Suddenly, we're all flush with $1,600 in free money. Most Alaskans do the rational thing with their PFD - they blow it on some impulse buy, like plane tickets to Hawaii or a down payment on a new snowmachine. This is the first year I'm eligible for the PFD. I did the rational thing with mine, too. I spent it in July, on a new snowmachine. I call him Pugsley.

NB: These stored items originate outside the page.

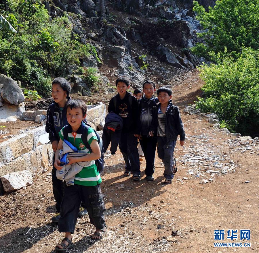 云南西畴县鸡街乡肖家塘村的孩子行走在上学路上(2012年4月23日摄)。 新华社记者 杨宗友 摄
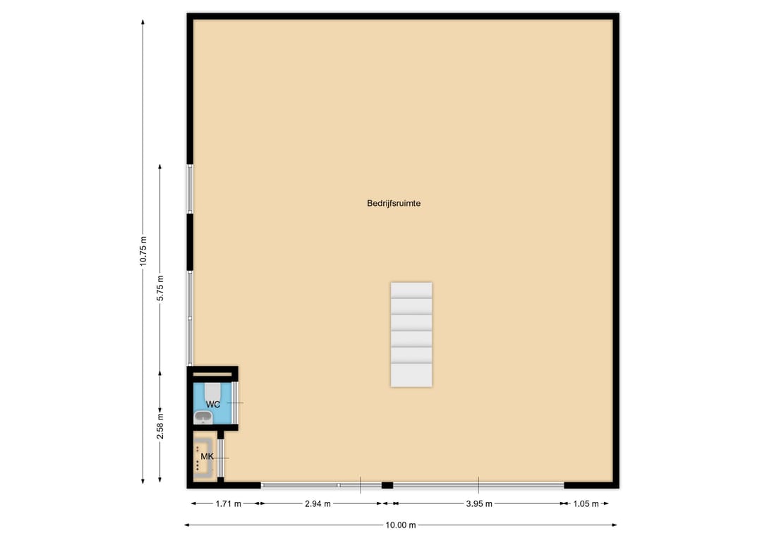 - Monolithische betonvloer (1.000 kg/m² draagvermogen)
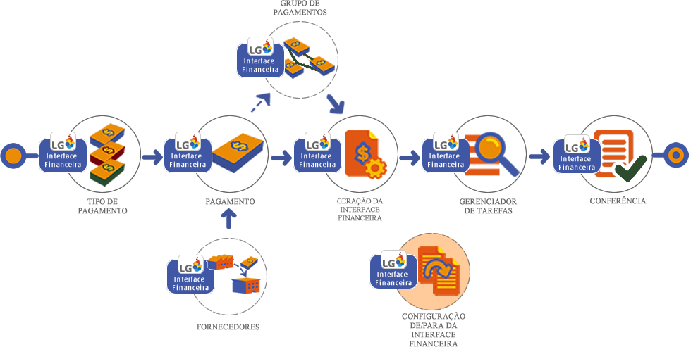 Na lista de configurações de/para da Interface Financeira é possível realizar algumas operações, como: importar, exportar, ordenações, filtros e agrupamentos. Para saber mais clique aqui.
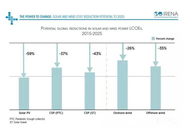 根據國際可再生能源署9月3號發布的報告預測,光伏、光熱、陸上和海上風電成本將大幅度下降:
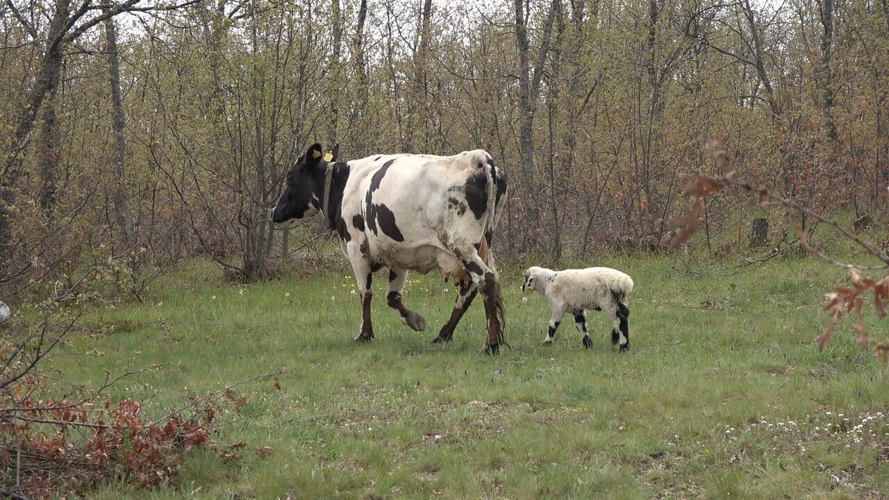 Yozgat’ta buzağısını kaybeden inek, annesi ölen kuzuyu sahiplendi. İnek ve kuzu arasındaki bağ, görenleri duygulandırdı.

I did not refuse the PFD. I don't think, when I gaze deep into my greedy heart, I could ever do such an audacious thing like turn down free money while the Alaska economy is squeezing $5 out of me every time I buy a gallon of milk and $12 for a case of Diet Pepsi. But still ... it feels a bit dirty. Call me a pinko greenie, but I am not a big fan of the PFD. It is not my money. I did not earn it. I was a mishmash of molecules when oil first started flowing through the TransAlaska pipeline in 1977. I was in fifth grade when the Exxon Valdez dumped millions of gallons of crude into the Prince William Sound. I remember seeing the televised images of sludge-coated sea otters gasping for air on the shoreline. It was one of the saddest things I had ever seen. I wanted no part of it.

Now I am part of it. I still own a car and take warm showers. I don't deny that oil feeds the very economy that allows me to live comfortably and work in Alaska. And I didn't refuse the PFD. I can think of hundreds of social programs where I would rather see the money spent ... Alaska could have universal health care; the best education system in the country; we could buy our politicians for a lot higher bribes then they're taking from VECO and the like. But instead, we all get $1,600 to spend on snowmachines. But I didn't donate my PFD to a good cause. I spent it. Before I even had it in my hands. So I am part of the system. One could say the worst part.

Man, now I feel guilty. And I haven't even gotten my PFD yet (I didn't file early enough and have to wait two weeks.) I think I will go soothe my shame with a $1 can of Diet Pepsi.